In [1]:
import numpy as np
import pandas as pd
import tensorflow as tf
from tensorflow.keras.layers import Input, Embedding, Flatten, Dense, Concatenate, Multiply, Dropout
from tensorflow.keras.models import Model
from tensorflow.keras.optimizers import Adam
from tensorflow.keras.regularizers import l2
from sklearn.metrics.pairwise import cosine_similarity
from sklearn.model_selection import train_test_split
from sklearn.preprocessing import StandardScaler
from sklearn.feature_extraction.text import TfidfVectorizer
from sklearn.metrics import precision_score, recall_score, ndcg_score
import joblib

In [12]:
from sklearn.preprocessing import OneHotEncoder

In [19]:
# 1. Enhanced Data Processing
class DataProcessor:
    def __init__(self, content_data, user_data, interaction_data):
        self.content_data = content_data
        self.user_data = user_data
        self.interaction_data = interaction_data
        self.content_embeddings = None
        self.user_embeddings = None
        self.tfidf = TfidfVectorizer(stop_words='english')
        self.scaler = StandardScaler()

    def preprocess_data(self):
        # Process content data
        self.content_data['text_features'] = self.content_data['title'] + ' ' + self.content_data['description']
        tfidf_matrix = self.tfidf.fit_transform(self.content_data['text_features'])
        self.content_embeddings = tfidf_matrix.toarray()

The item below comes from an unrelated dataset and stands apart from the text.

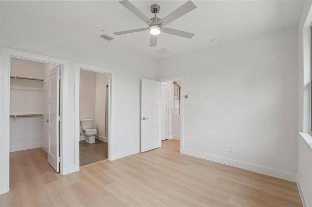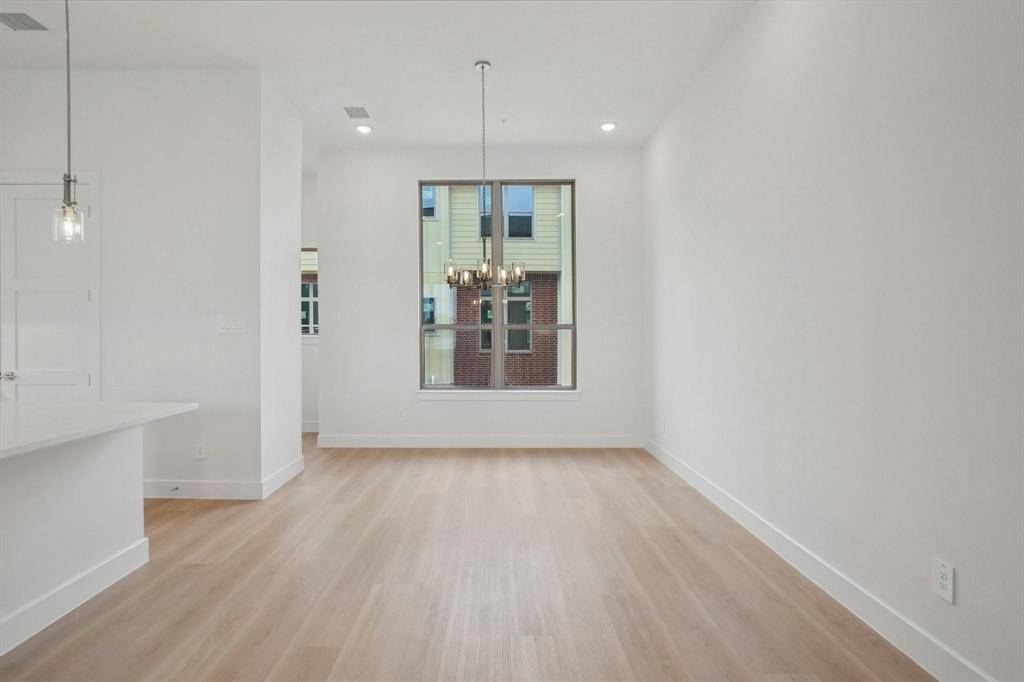Newly completed, designer-finished townhome offering clean lines, modern luxury, and effortless style. Premium luxury vinyl plank flooring runs throughout, paired with sleek designer tile in the bathrooms and utility areas for a polished, contemporary look. The open-concept main living level impresses with 11-foot ceilings, oversized windows allowing an abundance of natural lighting. Stunning kitchen is anchored by a 12-foot quartz island, soft-close custom cabinetry, and modern hardware. The living area is elevated by a 72-inch horizontal fireplace, delivering both style and warmth. Goodland Townhomes is an exclusive, contemporary community of just 25 three-story luxury residences, thoughtfully designed for modern urban living. Prime location, just minutes from downtown Farmers Branch, this evolving area offers walkable access to restaurants, Cox Farms Market, and the DART Train system, parks, jogging & bike trails, and so much more! Photos are representative; finishes may vary by unit.

        # Process user data
        user_features = self.user_data[['age']].values
        self.user_embeddings = self.scaler.fit_transform(user_features)

        # Process interaction data
        self.interaction_data['timestamp'] = pd.to_datetime(self.interaction_data['timestamp'])
        self.interaction_data['recency'] = (pd.Timestamp.now() - self.interaction_data['timestamp']).dt.days

    def get_user_profile(self, user_id):
        user_interactions = self.interaction_data[self.interaction_data['user_id'] == user_id].sort_values('timestamp').tail(100)
        if user_interactions.empty:
            return np.zeros(self.content_embeddings.shape[1])

        content_ids = user_interactions['content_id'].unique()
        weights = 1 / (1 + np.arange(len(content_ids))[::-1])

        #Convert 'content_id' to numpy array
        content_ids = user_interactions['content_id'].to_numpy()
        weighted_sum = np.sum(self.content_embeddings[content_ids] * weights[:, np.newaxis], axis=0) # Index with unique content IDs
        return weighted_sum / np.sum(weights)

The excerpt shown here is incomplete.